L'organisation antiesclavagiste IRA (Initiative de résurgence du mouvement abolitionniste) que dirige Birame Ould Dah Ould Abeid a animé hier, lundi 16 mai 2011 à l'hôtel Mercure de Nouakchott, une conférence intitulée "Oui à l'application de la loi contre l'esclavage". Devant un parterre d'activistes des droits de l'homme, d'hommes politiques et de journalistes, mais aussi d'un pléthore de militants dont un bon contingent de dockers et de victimes d'expropriation foncière, le fer de lance de la lutte antiesclavagiste en Mauritanie a fustigé le système d'exclusion qui laisse en rade des milliers de noirs opprimés, non sans revenir sur le combat d'IRA, ses succès et ses déceptions, la propagande et les contre vérités du pouvoir, tout en levant l'équivoque sur certaines rumeurs tendant à contenir le combat des antiesclavagistes.

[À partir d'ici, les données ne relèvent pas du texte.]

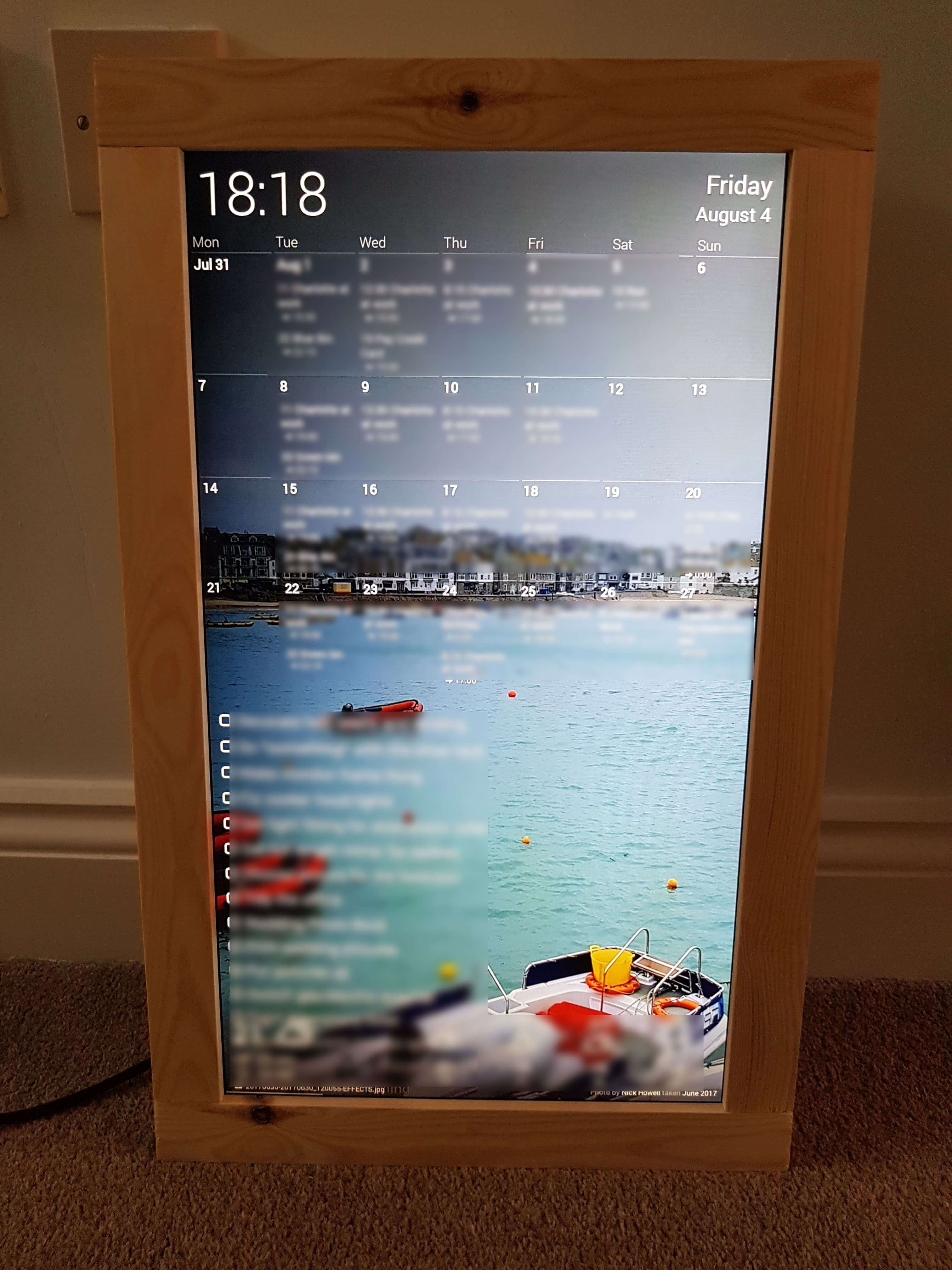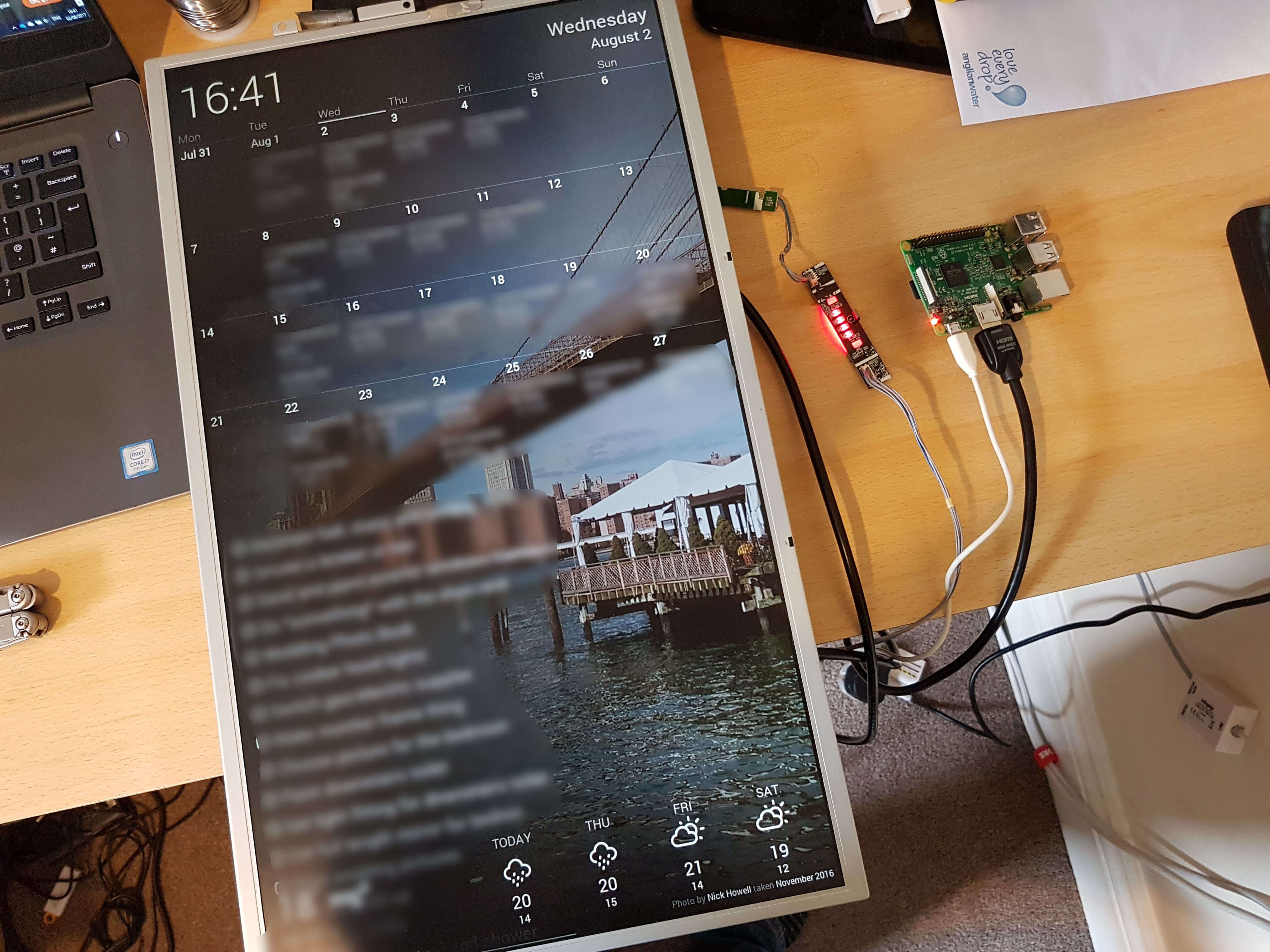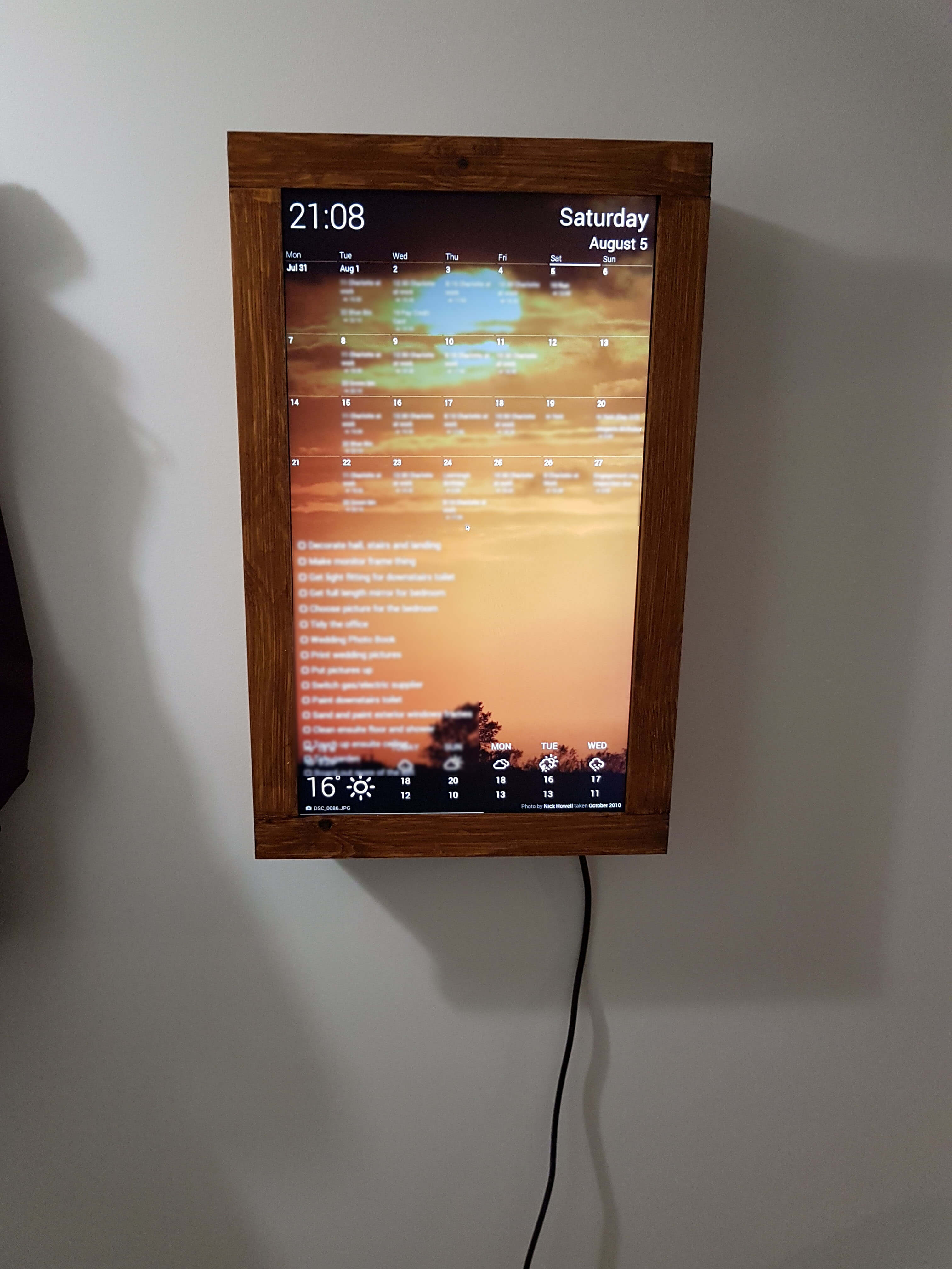 First things first, I set up Dakboard how I wanted it. I intergrated it with my Google Calendar, my Google Photos library, our shared todo list on Wunderlist, and got it to pull in weather from Yahoo.

Dans une salle de conférence de l'hôtel Mercure de Nouakchott pleine à craquer d'une bonne dose de jeunes, dont une forte présence féminine, le président de l'Initiative de résurgence du mouvement abolitionniste (IRA), Birame Ould Dah Ould Abeid a égayé l'assistance. Le langage particulièrement virulent de l'orateur, son parler osé au-delà de tous les tabous, sa hargne pour un combat auquel il s'identifie, tout cela a créé une ambiance éclectique, à la limite de la psychose des foules. En fait le discours de Birame Ould Dah n'est que la énième reprise d'un bréviaire que tous ceux qui suivent l'évolution de ce jeune haratine décomplexé et qui compte refaire le monde savent déjà. Birame est surtout l'icône de cette jeunesse haratine qui perçoit en lui l'espoir d'une génération qui aspire à concrétiser ce que les aînés, comme Messaoud Ould Boulkheïr ou Boubacar Ould Messaoud, ont entamé. C'est le rêve d'une terre promise où le Mauritanien ne sera plus jugé à l'aune d'un legs ancestral ou d'une lignée que Birame considère de préfabriquée. Mais celle d'une Mauritanie égalitaire où tous les citoyens seront réellement égaux, non plus de cette égalité formelle inscrite en décor dans la Constitution de ce pays ou ânonné par les tribuns de la République, mais de cette égalité scientifique et philosophique, cette égalité que l'on osera enfin transposer du champ de l'irréel sur le terrain du vécu.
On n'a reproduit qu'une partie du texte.